As another aside, there is lot of smoking and drinking in Edson.

Author fact: Bill Morrissey is a real life singer-songwriter. I had a chance to listen to some of his performances on the internet. I would definitely go to a bar to hang out to enjoy his music.

Book trivia: this should be a movie. Josh Ritter could play the lead.

Playlist: Mississippi John Hurt, Joni Mitchell, Grace Paley, Johnny Hodges, the fictional Tyler Beckett, Righteous Brothers (“Unchained Melody”), Beethoven, Jimi Hendrix, Buddy Holly,

Nancy said: Pearl explains some of the plot.

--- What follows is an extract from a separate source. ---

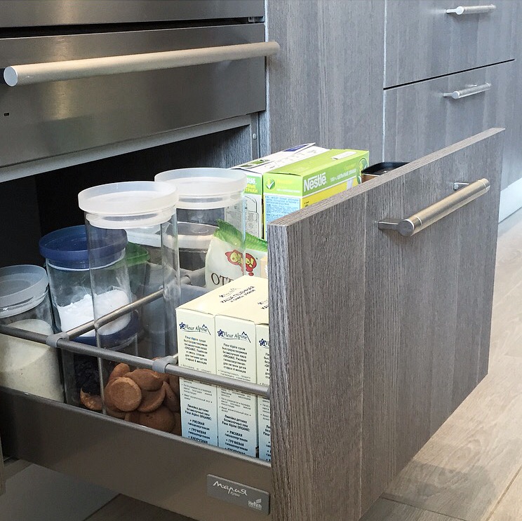 Еще левее выдвижная панель с крупами. Очень удобное хранение: все крупы хорошо просматриваются, видны запасы, к любой удобный доступ, красиво и функционально, не говоря уже о колоссальной экономии места! Сын сам достает свои любимые макароны со звездами, соседние баночки (IKEA) не падают). Внешняя ширина выкатной дверцы 14,5 см, внутренняя/полезная 8,5 см

BookLust Twist: from More Book Lust in the chapter called “Small-Town Life” (p 203).

Affliction

Banks, Russell. Affliction. New York: Harper & Row, 1989.

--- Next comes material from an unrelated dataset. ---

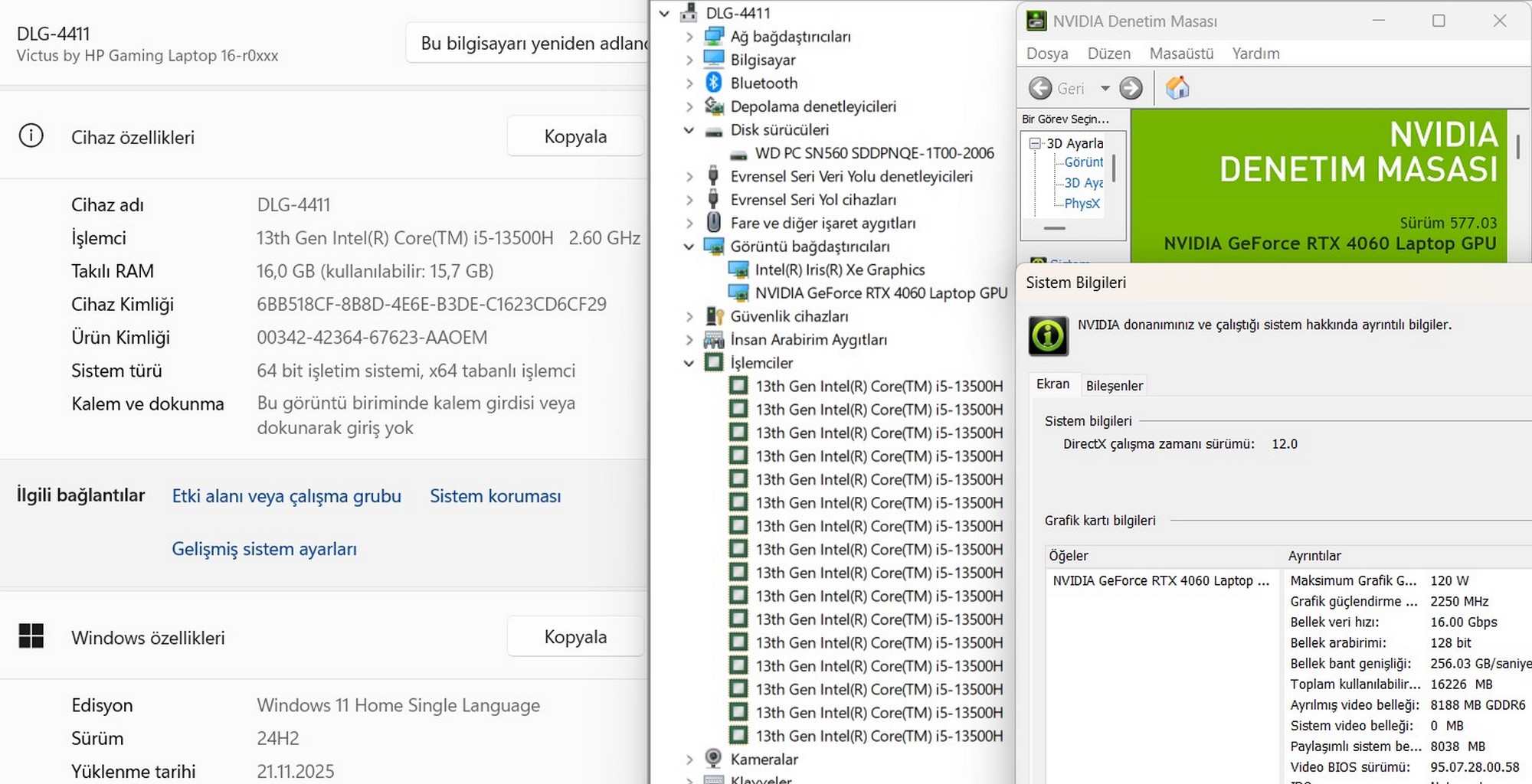 HP Victus 16-R0023NT i5 13500H 16GB RAM 1TB SSD RTX4060 W11 16.1” FHD 7P6L1EA (İKİNCİ EL)

Wade Whitehouse could be an ordinary guy. He could be that small town, hard-working, have a beer with the boys, all-around nice guy. Except bad luck not only follows Wade like a hungry dog, it bites him when he’s down. No matter how caring Wade Whitehouse is on the inside, no matter how well-meaning he is, when things go wrong people know not to stand in his way. The smarter ones walk away. The entire tiny town of Lawford, New Hampshire knows Wade and his troubles. It’s no secret he has a mean streak that runs to the center of his very core. Alcohol and a nagging toothache only widen that streak until it takes over his whole being. In theory it’s not all Wade’s fault. Abused by his father during his formative years, Wade loses his wife, home and daughter when he himself turns violent. All he wants is more time with his daughter, a decent paycheck and a simple way of life. When none of these things come easily Wade sets out to unveil the truth and right the wrongs, using violence as the vehicle to do so. What makes Wade’s story so fascinating is that it is told from a younger brother’s perspective. Being in Massachusetts he is a comfortable distance from both his brother and the memories that have scarred him as well.

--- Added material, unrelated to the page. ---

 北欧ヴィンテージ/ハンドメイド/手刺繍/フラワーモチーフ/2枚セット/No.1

BookLust Twist: From More Book Lust in the chapter called, “Oh, Brother” (p 180).

Big If

Costello, Mark. Big If: a Novel. New York: W. W. Norton, 2002.

I love it when everything about a book comes together. Meaning, when the plot is exciting and moves along like a river after a good hard rain and characters are detailed and dynamic and even the small stuff is interesting. When all these things come together I can’t put a book down. I read this over the weekend. that should tell you something.

Jens and Vi Asplund are adult siblings with very different lives. Jens lives in New Hampshire with his real estate wife and toddler son. He spends his days as a computer programmer writing programs for violent video games his patriotic father never approved of. His sister, Violet is Secret Service bodyguard sworn to protect the life of the Vice President of the United States during an election campaign. She has nothing that resembles a social life, a love life, or even a home life. If she is lonely she would never admit it.

Big If  takes you inside the creative and neurotic genius of software programmers. Simultaneously, you are drawn into every potential threat made to high powered public officials, as well as reliving old threats-come-true like the assassination attempt on President Reagan. Jens and Vi couldn’t have different lives and seem worlds apart…until they collide.

Favorite line: “This was another Rocky trick, fukc this legalistic sh!t, talk to crazy people in the crazy people language” (p36).

BookLust Twist: From More Book Lust in the chapter “New England Novels” (p 177).